В начале весны сорок четвёртого, видимо, по указанию коменданта, староста велел Косте запрячь лошадь в телегу и поехать на вокзал. Когда Костя приехал туда, он увидел там большое скопление людей, лошадей, повозок. И тут же повстречал знакомого румына, который когда-то помог похоронить Шуру.
- Он мне говорит: «О, Костыка, привет, ты что здесь делаешь?» Ну, я ему сказал, что староста велел приехать. Он мне говорит: «Знаешь, что? Это составы на Германию уйдут, тебя туда тоже увезут. Ты вот что, телегу оставь, а сам потихоньку давай отсюда». В общем, я потихоньку выбрался и по балкам и оврагам – домой. Иду, смотрю – заяц сидит. Кто-то петлю поставил, он и попался. Я обрадовался, подошёл к нему, думаю, не только домой вернусь, а ещё и зайца принесу. Постоял, посмотрел на него и тут меня, как-то… Мне то вот повезло, в плен не попал, а он угодил. В общем, мне воля и ему тоже пускай воля – отпустил его. После этого. весной пришли наши. Перед этим румыны зашли, немцы тут – они отступают. Их офицер румын мне говорит: «Костыка (а я уже по-румынски разговаривал), бери маму, уходите отсюда, туда, подальше от деревни. Немцы будут идти по главной дороге, их бомбить будут. Мы то пойдём вдоль Сиваша, нас не бомбят». Я утром рано матери говорю: «Пошли». Пошли через деревню, зашли ещё к одним, ко вторым… Все пошли к Сивашу, подальше от деревни. А там вдоль Сиваша ямы были вырыты, такие квадратные – под танки, такие глубокие ямы и забиты они перекати-полем. И мы туда, бурьян убрали, сели. А тут слышим голос – румыны разговаривают, над Сивашём идут. Я высунулся. «О, партизан!» Я говорю: «Ной партизан, копи ен, еще комунна…» Комунна – деревня, касса – дом. «Штыв румынешты?» Ну, «говоришь по-румынски?». Я говорю: «Да, штыв румынешты». И, вот они идут, самолёты летают, а они беретки (они в беретках ходили, не в пилотках) вверх бросают и их никто не трогает. И там мы до вечера… А тут, в деревне, ну, километр-полтора мы отошли, там всё… Высунешься, смотришь – и кони в воздухе и люди, всё вот так кишит. Уже к вечеру почти всё прекратилось, я высунулся, смотрю на серой лошади немец по деревне едет, последний – проверяет, может кто остался. Потемнело, я тогда поднял всех, пошли в деревню. Разорванные немцы, машины с трофеями горят, и пистолеты, и пулемёты – чего только не было. Я подхожу к дому, смотрю, немец лежит – титьки целые, а рук и головы нет. Представляешь, как это всё стреляло… Смотрю – велосипед валяется, баян – притащил домой. Потом этот, круглый большой, морской, как часы, что погоду показывает – тоже домой притащил…

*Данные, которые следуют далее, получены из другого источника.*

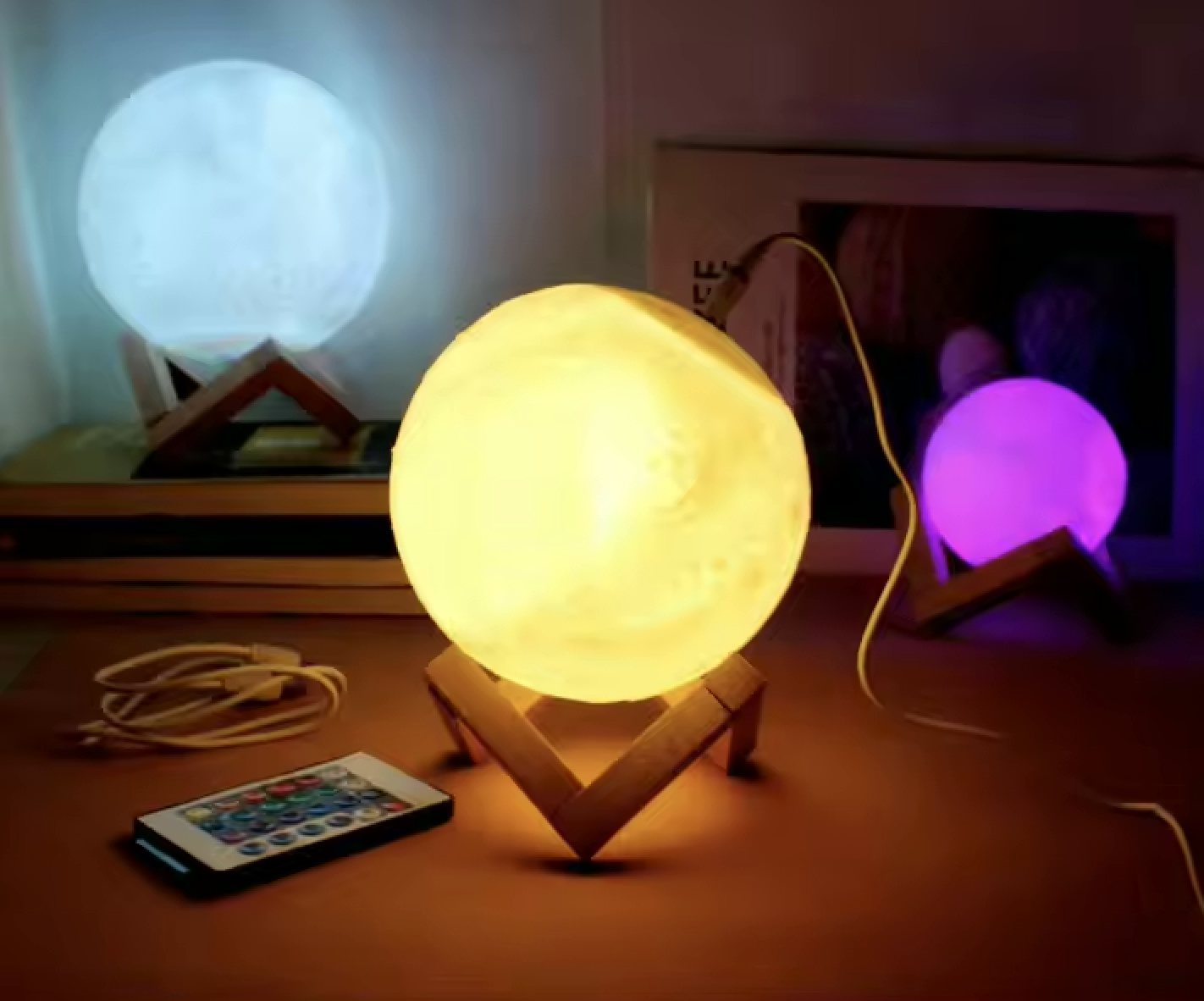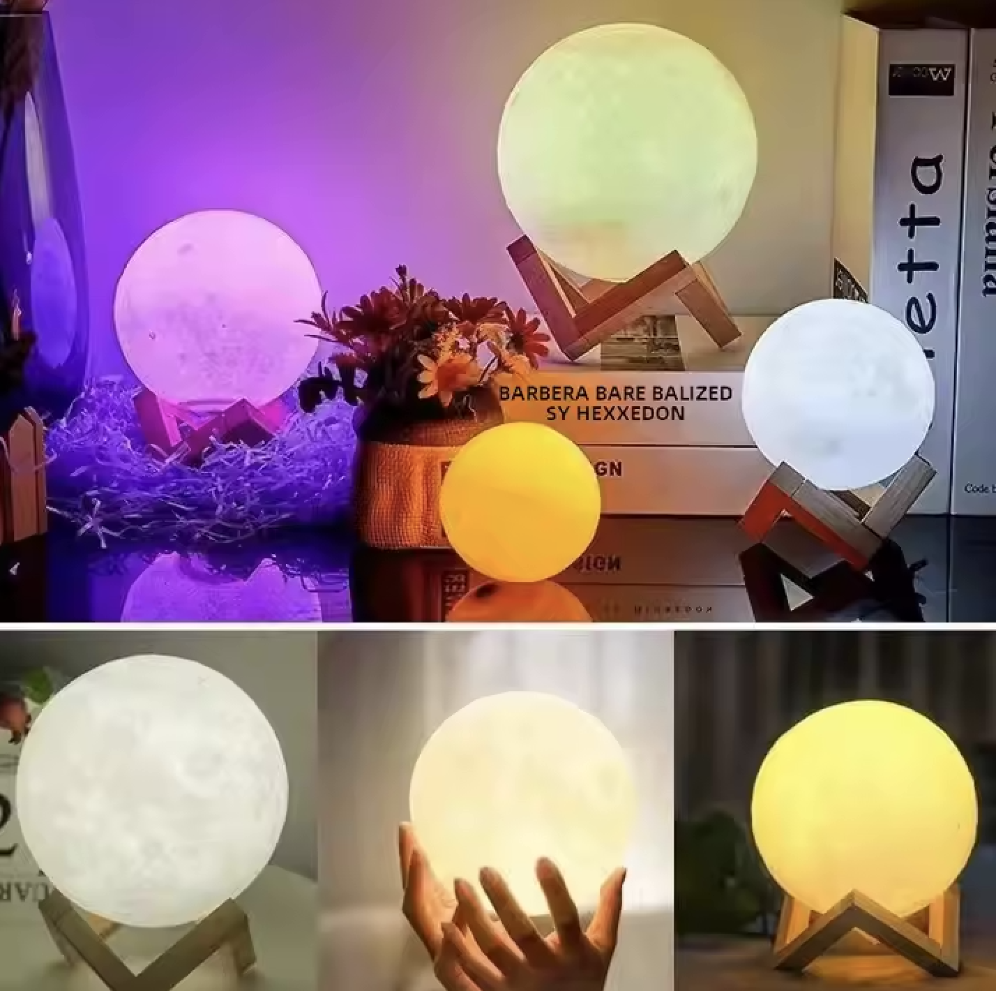 Lámpara de Luna Nocturna Recargable con Control Remoto y Táctil para Uso en el Dormitorio.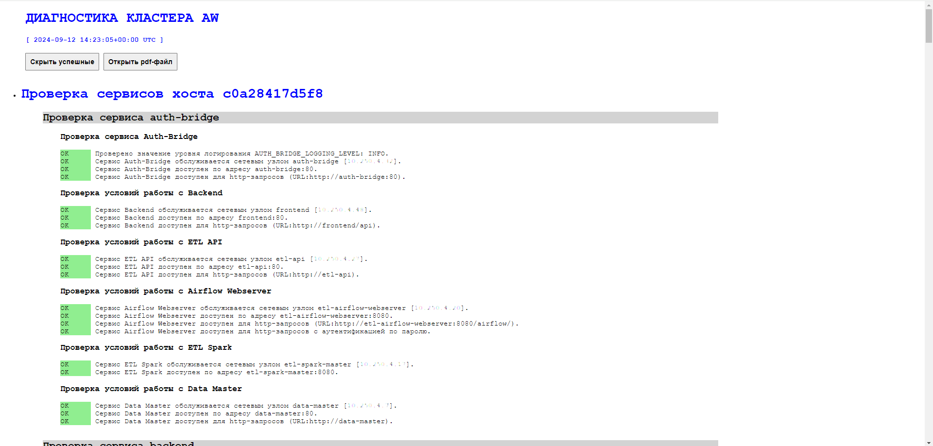 Некоторые сервисы AW имеют логически связанное или взаимно дополняющее прикладное значение. Поэтому в некоторых случаях удобно рассматривать сервисы AW как элементы программного комплекса, разбитые по нескольким группам с учетом их прикладного контекста. В связи с этим может возникать потребность раздельной диагностики условно выделенных таким образом групп. Исходя из этих соображений, утилита позволяет запускать диагностики для конкретной группы или перечня групп сервисов кластера AW. Для указания нужной группы используется опция -- group. Например, следующая команда запустит диагностику для групп etl и backend: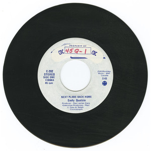 Her mother’s faith in her daughter’s talent and potential brought her to the attention of Paul Zaza of Zaza Sound Productions in Toronto for a demo. Cruickshank, armed with Zaza’s demo proceeded to sound out the Canadian music industry. The interest in their product convinced Zaza and Cruickshank to launch their own label this month to be known as ZSP Records with an Emily Quattrin single — “Someone’s Gotta Make You Smile” backed with “Next Plane Back Home”. Negotiations are currently under way with George Strut of Quality Records to distribute the ZSP label nationwide. Other songs and artists in the lineup will be announced shortly. Emily will also be working on an album of her own songs this summer with Paul Zaza.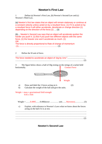Newton's laws worksheet answers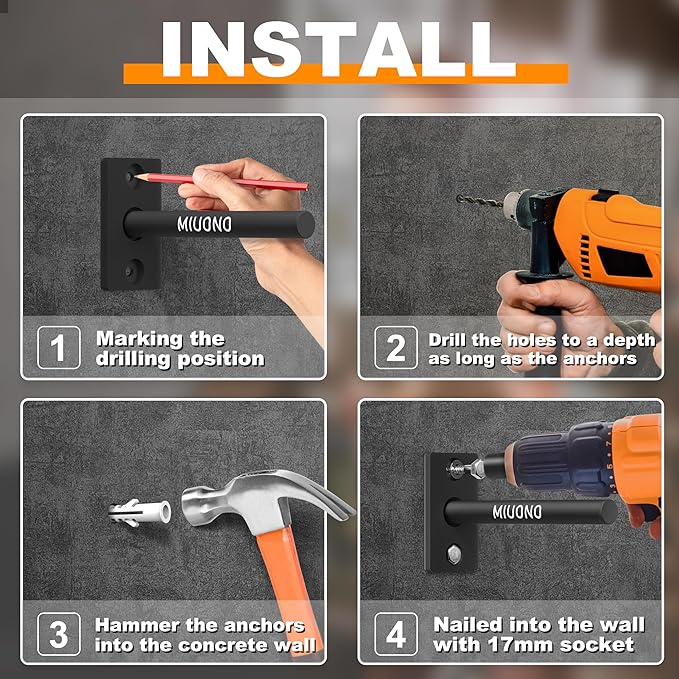 • Easy Installation: Your package includes 4 weight racks for plates and 8 large hex lag screws suitable for wood and concrete walls. A word of caution: Avoid mounting on drywall. Ensure you install the holder on a wall that can support its weight.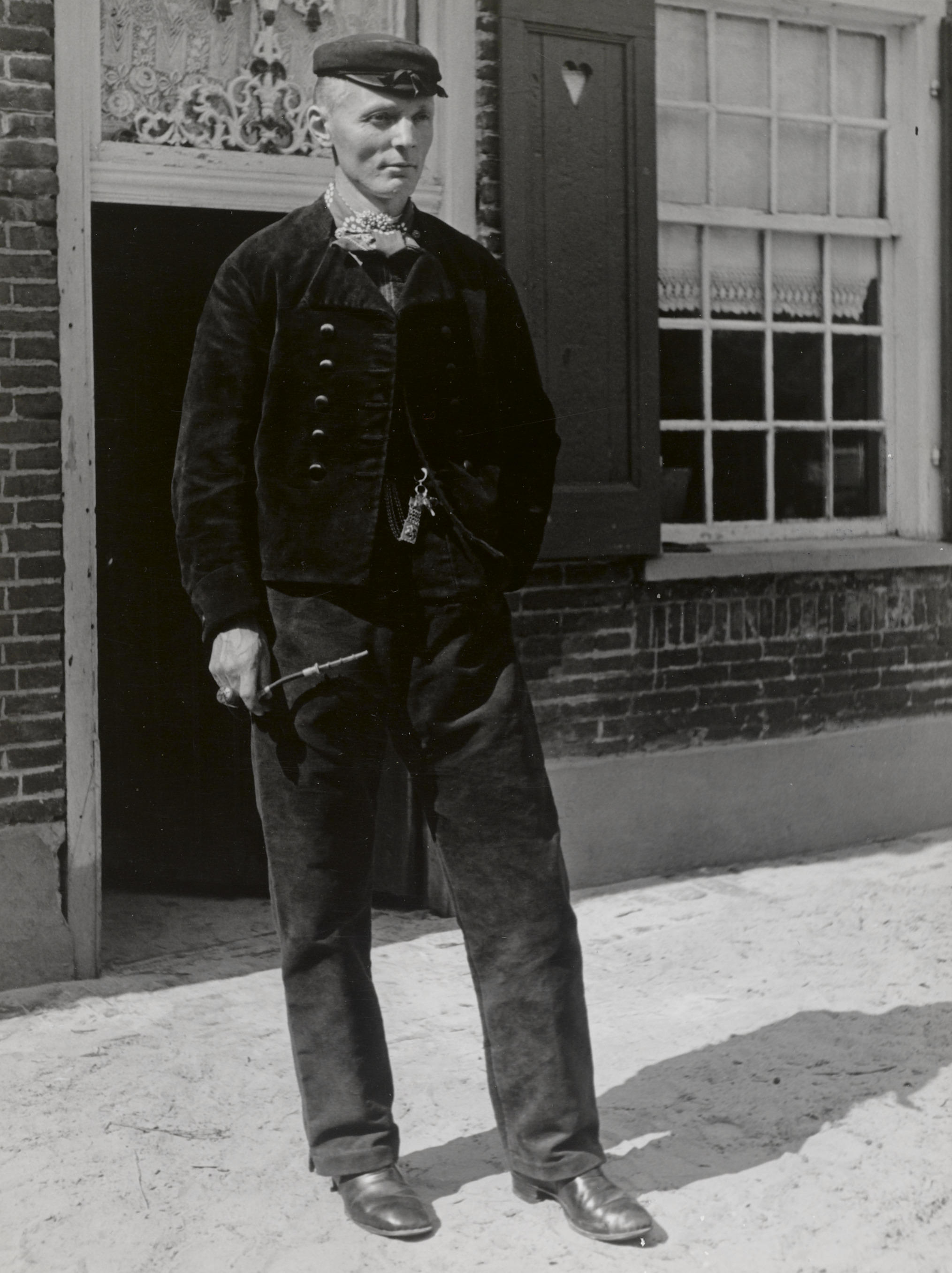 Man in werkdracht, Staphorst, 1944 (zwart-wit foto)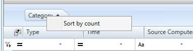 To configure a view filter, use the controls underneath the column names in the event view: click the operator icon to select the operator, and specify the value to filter by. For details about operators, see the Filter Parameters topic.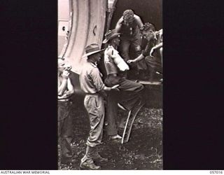 NADZAB AIRSTRIP, NEW GUINEA. 1943-09-18. QX25075 PRIVATE W. S. BRUMMELL BEING ASSISTED INTO AN AIRCRAFT TO BE TAKEN BACK TO THE HOSPITAL AT PORT MORESBYAustralian War MemorialImage Papua New Guinea Online
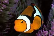 小丑鱼是鲈形目雀鲷科小丑鱼属鱼类的统称。体长仅5—6厘米。身体色彩艳丽,多为红色、橘红色;除透明的胸鳍与软背鳍鳍条外部,其余鳍均为黑色。体形怪异,体色多变,通常体侧有白色条纹。…全部>>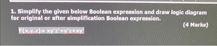 Solved 1. Simplify the given below Boolean expression and | Chegg.com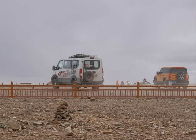 心懷遠(yuǎn)景,必見美景。一路走走停停,依維柯4×4抵達(dá)5000KM紀(jì)念碑,邂逅了充滿浪漫詩意的多情措,與之遙相顧盼的是卓姆拉日雪山,波光粼粼,水天一色,仿佛遺世獨立的仙境,讓人不禁感嘆人間值得。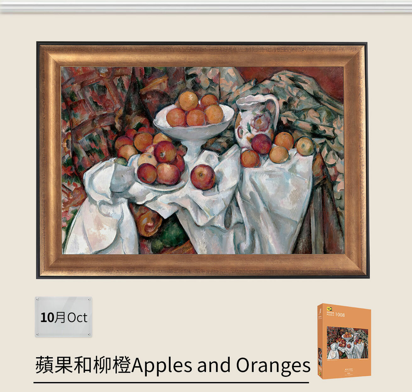 法國後印象派畫家賽尚(1839-1906)充分發揮對色彩和空間的獨特處理,展現「色彩的結構力量」的信念。其作品對立體主義和20世紀現代藝術影響深遠,被譽為現代藝術之父。這幅畫中,塞尚展示了顏色和形狀相互作用的重要。他重新安排構圖,簡化物體形式組成圖案。桌子框架和牆面消失了,三維空間、垂直與水平的區別變得模糊。在這裡,塞尚追求元素的連續性,白布中似乎長出水果盤,花瓶的圖紋彷彿與蘋果、柳橙以及背後布幕融合,形狀和色彩意想不到的和諧。

Из дома вышла жена Деда Кости и окликнула его: «Ты же, вроде, спать собирался?». Дед отмахнулся и продолжил:
- Наши утром зашли. Зашли, посмотрели: «Сынок, тебе баян не нужен, велосипед с барометром тоже не нужны…» Забрали. Вот это вот, они обозлились на татар, а у нас деревня – название татарское, они думали, что мы татары. Татры тут много навредили… Татарская освободительная армия. Потом, власовцы. В лагере, если дежурит татарин или власовец, ты не убежишь. Там же слякоть, как вот здесь осенью. Моросит - немец в будку пошёл, а там под проволоку пролез и убежал в лес, потом к себе домой. А если власовец или татарин, к проволоке не подходи - они сразу за автомат… В Старом Крыму 23 человека был карательный отряд. Пошли по главной улице, 584 человека зарезали. Детей кололи, женщин с грудными детьми. А из больницы там несколько человек убежали и к партизанам. Это партизаны спасли город. А эти все 23 человека, они не сдаются, они на кладбище несколько часов отстреливались. Один немец у них был, командовал ими, его живым взяли. Так жители города, когда в Старый Крым въезжаешь, арка там, его там, на этой арке и повесили…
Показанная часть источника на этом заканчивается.